The April 28 outlook said the conflict had already triggered the largest oil supply shock on record, after attacks on energy infrastructure and shipping disruptions in the Strait of Hormuz, which carries about 35% of global seaborne crude oil trade. The World Bank said the initial hit cut global oil supply by about 10 million barrels per day, and it assumed the most acute phase of trade disruption would end in May, with shipping through the strait gradually returning near prewar levels by October.

That is one reason the latest shock could feel different from 2022. The World Bank said energy prices would reach their highest level since Russia’s invasion of Ukraine, but this time the disruption is tied to a direct wartime squeeze on a critical shipping lane, not just a supply recovery from an earlier crisis. The bank also forecast overall commodity prices to rise 16% this year, as higher energy and fertilizer costs spread through supply chains. World Bank Chief Economist Indermit Gill summed up the danger in four words: “war is development in reverse.”

For U.S. consumers, the transmission is familiar. Higher crude oil prices raise the cost of gasoline and diesel first, then ripple into freight, airfares and the prices of goods that move by truck or plane. Businesses face higher operating costs, while households see pressure on heating, transportation and the utility bills tied to fuel-intensive power generation. The Bank’s warning suggests the stress may not stay confined to the oil patch.

Projected Price Changes
Data visualization chart

Food markets are especially exposed. The World Bank projected fertilizer prices would rise 31% in 2026, led by a 60% jump in urea prices, which would squeeze farm margins and threaten crop yields. It warned that the poorest households, which spend the largest share of their income on food and fuels, would be hit hardest. The World Food Programme said almost 45 million more people could fall into acute hunger if the conflict persisted and oil stayed above $100 a barrel.
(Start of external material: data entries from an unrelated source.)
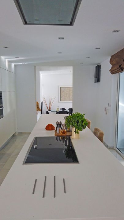 The villa has an Ibiza style to it, very big comfortable rooms flowing into each other, all the bedrooms are well thought out with great light and views with the master bedroom taking your breath away, large glass doors leading out to an amazing rap around terrace.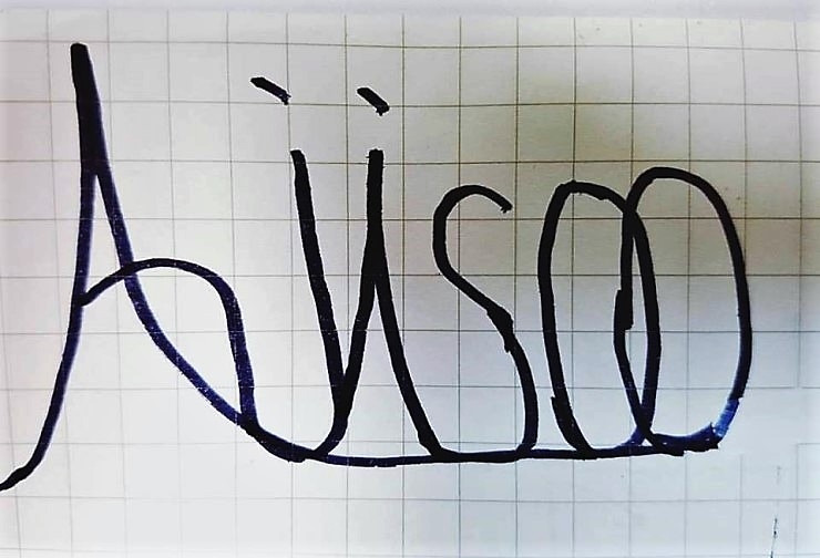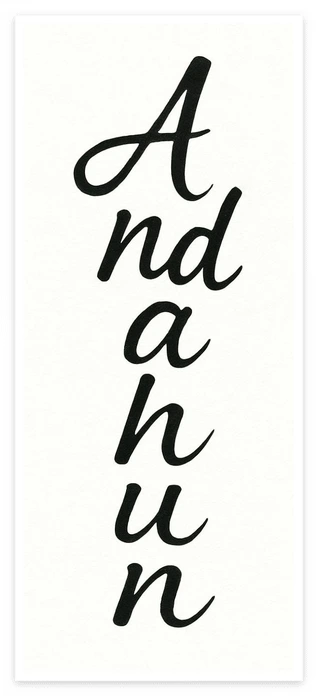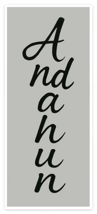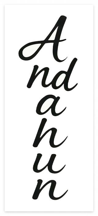 스무 살 넘어서 만들었는지 고등학생 때 그랬는지는 흐릿합니다. 캘리그래피가 뭔지 모를 때부터 글자를 그림 그리듯이 쓰곤 했고, 그러다가 제 이름으로 이런 걸 만들었습니다. 낙서랑 크게 다를 바 없는 상태이죠. Anjisoo에서 A위에 나머지 글자를 태운 모양을 한 획으로 그리려 했습니다. 지인이 이 글씨를 일러스트레이터로 작업해 줬습니다.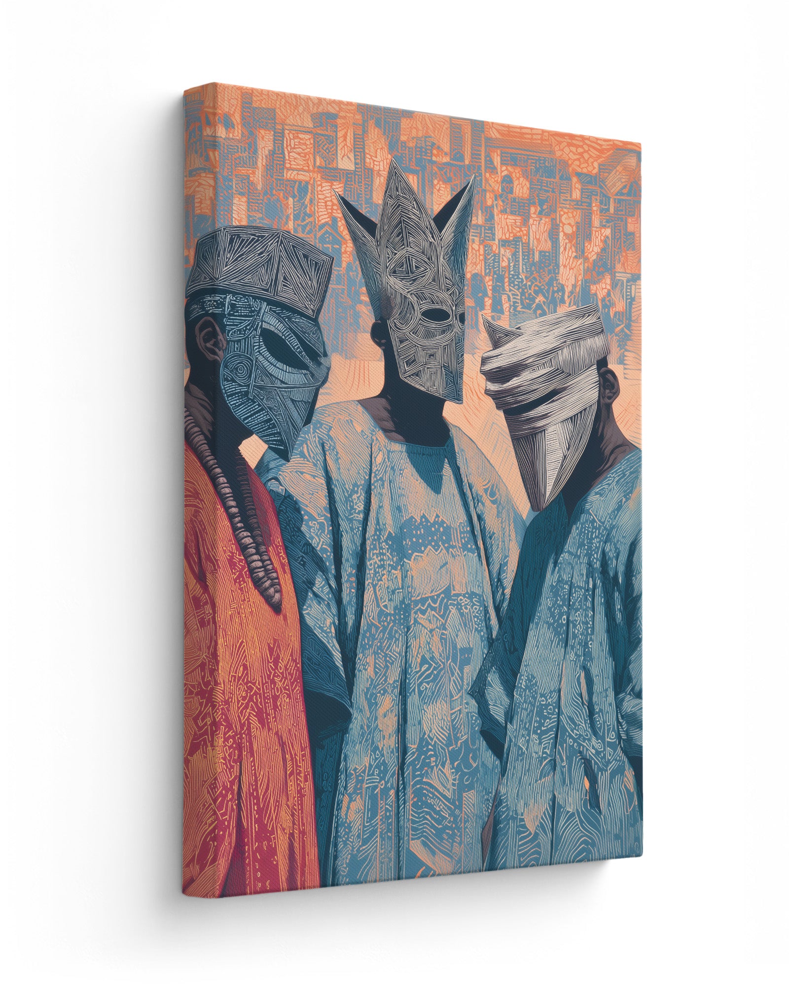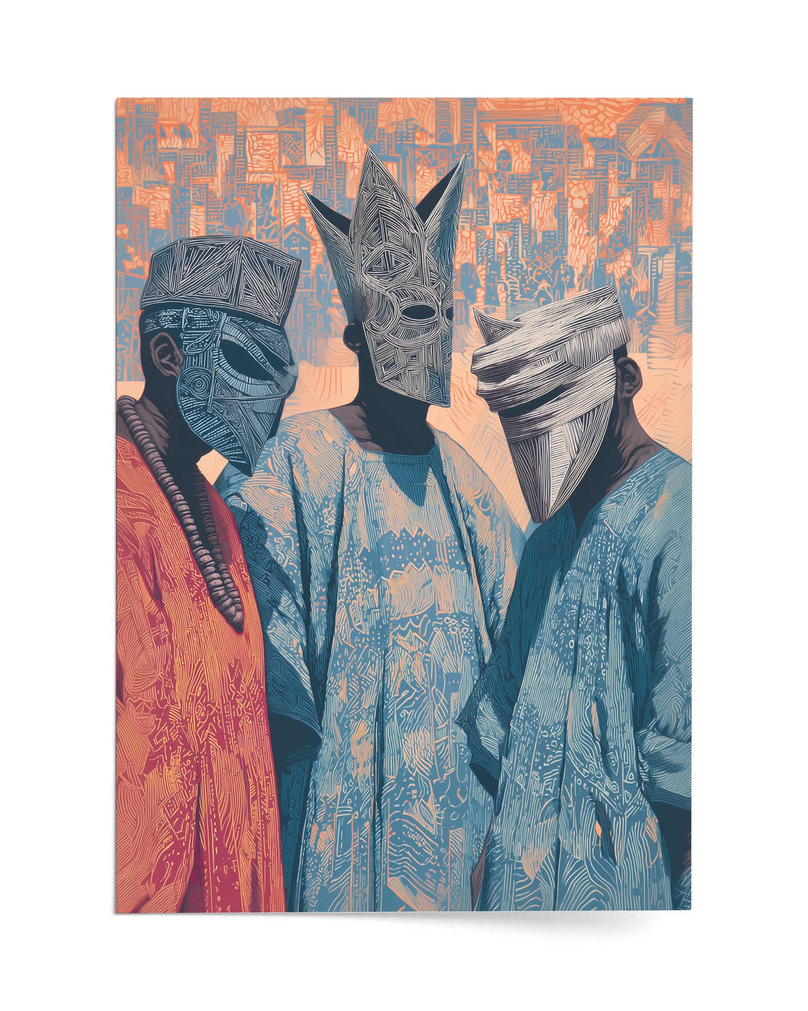A striking linocut-style artwork of Yoruba masqueraders in layered fabrics and abstract masks, adorned with intricate cultural motifs. The backdrop of urban Yoruba streets connects ancestry, spirituality, and heritage, blending tradition with modern identity.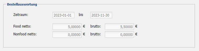 | Nonfood netto / brutto | Anzeige der Netto- und Bruttobestellsumme für Non-Foodprodukte. |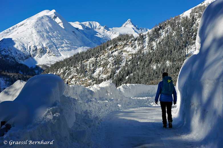 Eine großartige und aussichtsreiche Winterwanderung durch die einzigartige Landschaft am Fuße des winterlichen Großglockners (3.798 m). Man genießt ein herrliches Panorama auf den höchsten Berg Österreichs und die Gipfel in seiner Umgebung.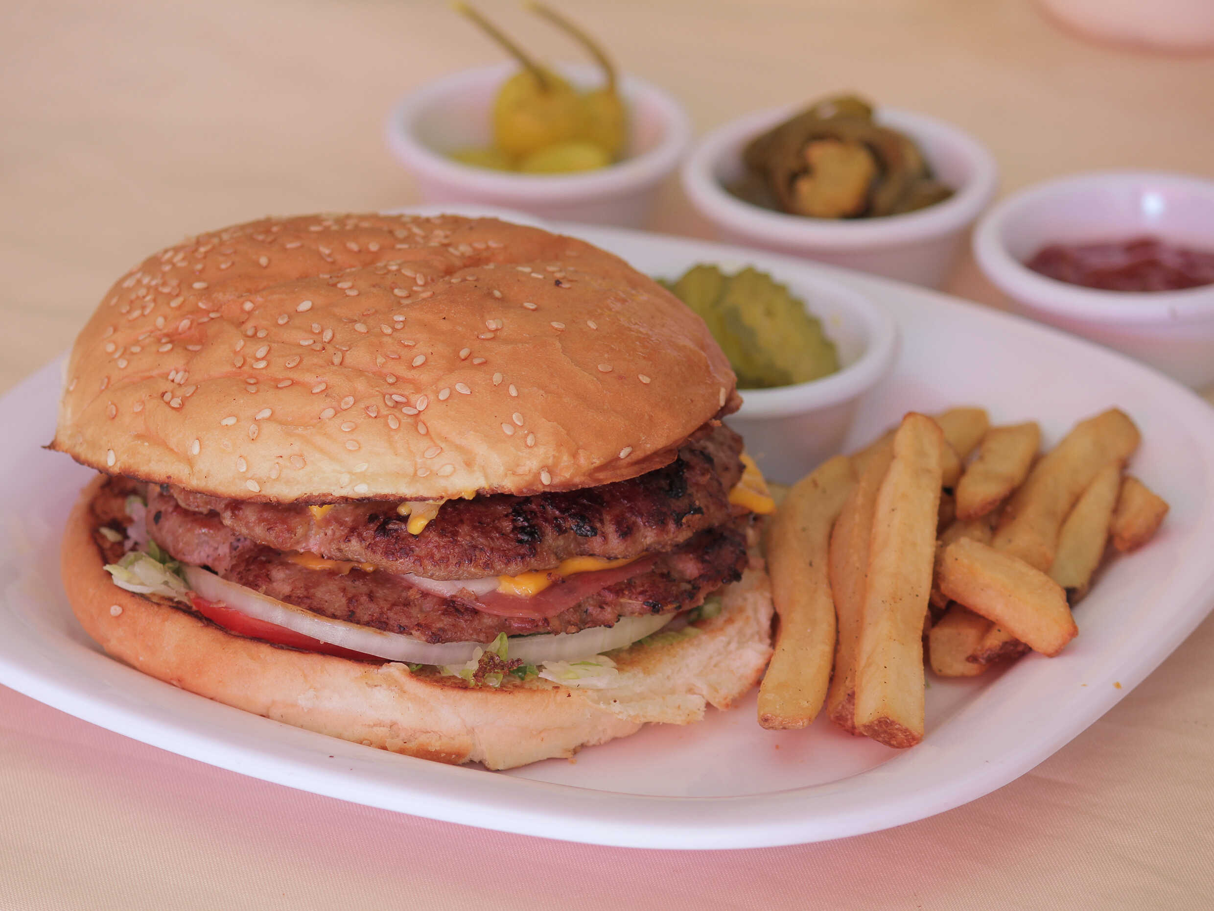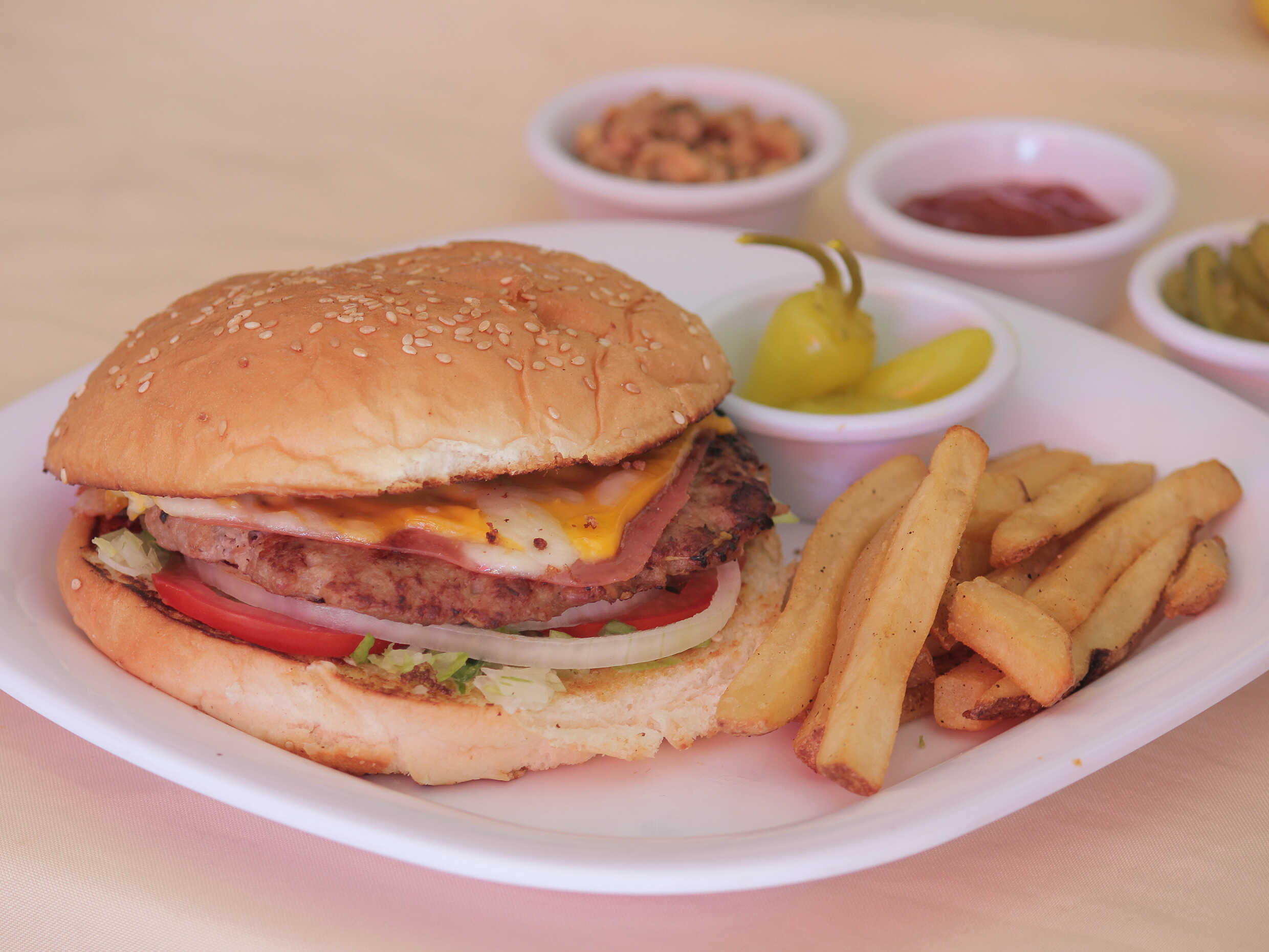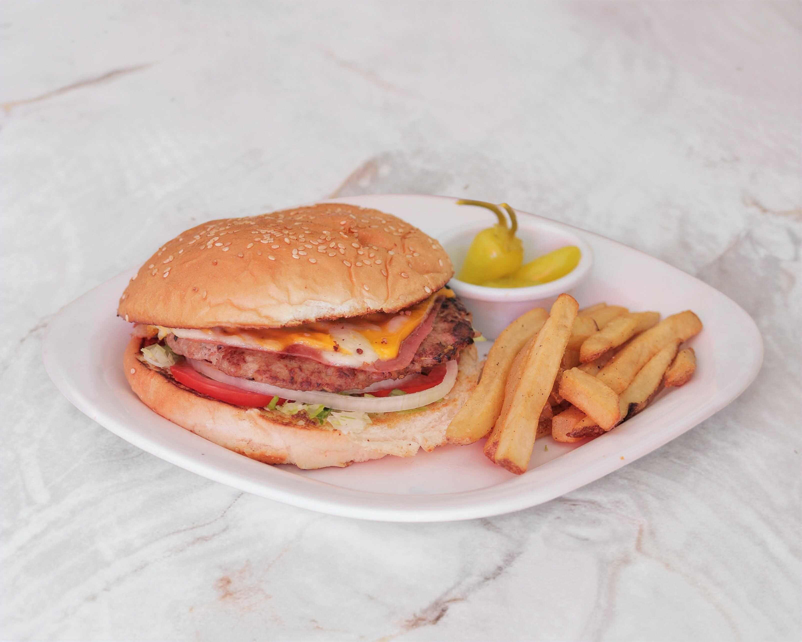 Carne de sirloin, queso americano, mayonesa, tomate, cebolla, lechuga, crema, cátsup y pan artesanal.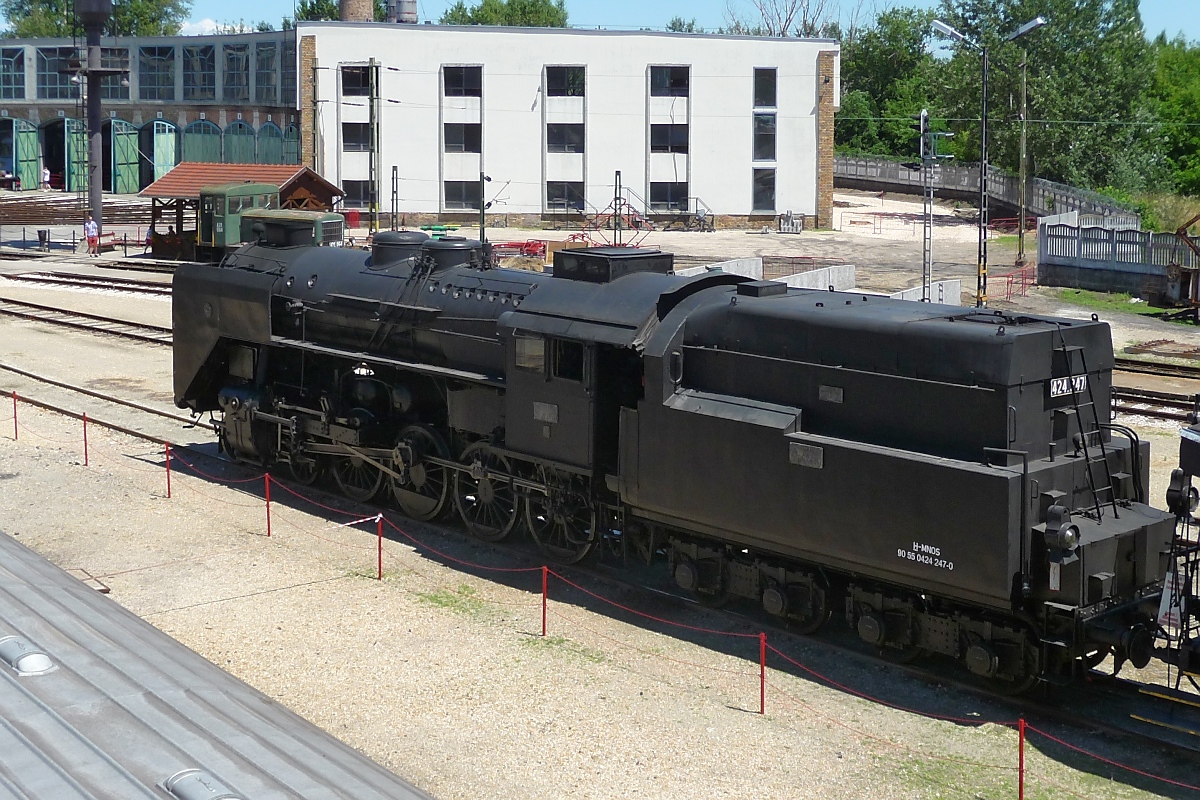 Blick von der Fußgängerbrücke auf die 424.247 der MAV im Hungarian Railway Museum, Budapest, 18.6.2016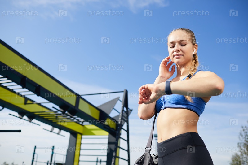 Ниже вид девушки в спортивном бюстгальтере, стоящей на тренировочной площадке и измеряющей пульс с помощью смарт-часов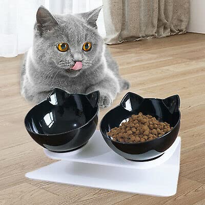 Ciotola per animali domestici, ciotola per gatti, inclinata, doppia ciotola per cibo per gatti, base antiscivolo, ciotola inclinata a 15°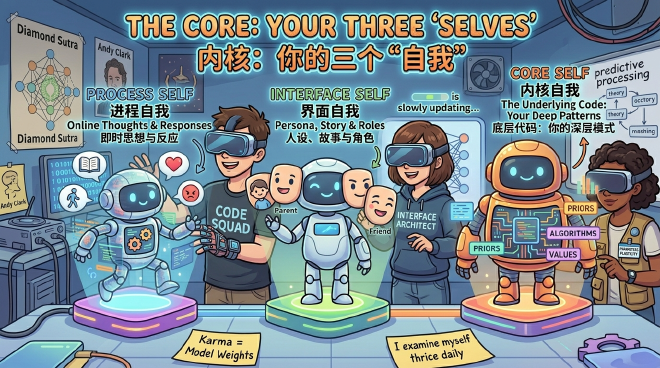 If you were an AI, when you react to external stimuli, you only change the Process Self. When you say, “I’m going to see the leader later, need to be steady,” you are temporarily writing a prompt for the Interface Self. Sometimes, with a good prompt, even a mediocre model can perform like an expert. But that’s just activation, not an increase in capability: once in a high-pressure environment, the persona will collapse, and the situation will eventually be handed over to the Core Self.

The shock is also reaching metals. The World Bank said base metals prices could rise further because of resilient demand and inflexible supply, with aluminum, copper and tin all vulnerable to record highs as data centers, electric vehicles and renewable energy keep demand firm. In the Middle East, North Africa, Afghanistan and Pakistan region, growth excluding Iran was projected to slow to 1.8% in 2026, 2.4 percentage points below January expectations. The war has become more than a regional security crisis. It is now a global inflation risk that could make food, fuel and electricity more expensive well beyond the Middle East.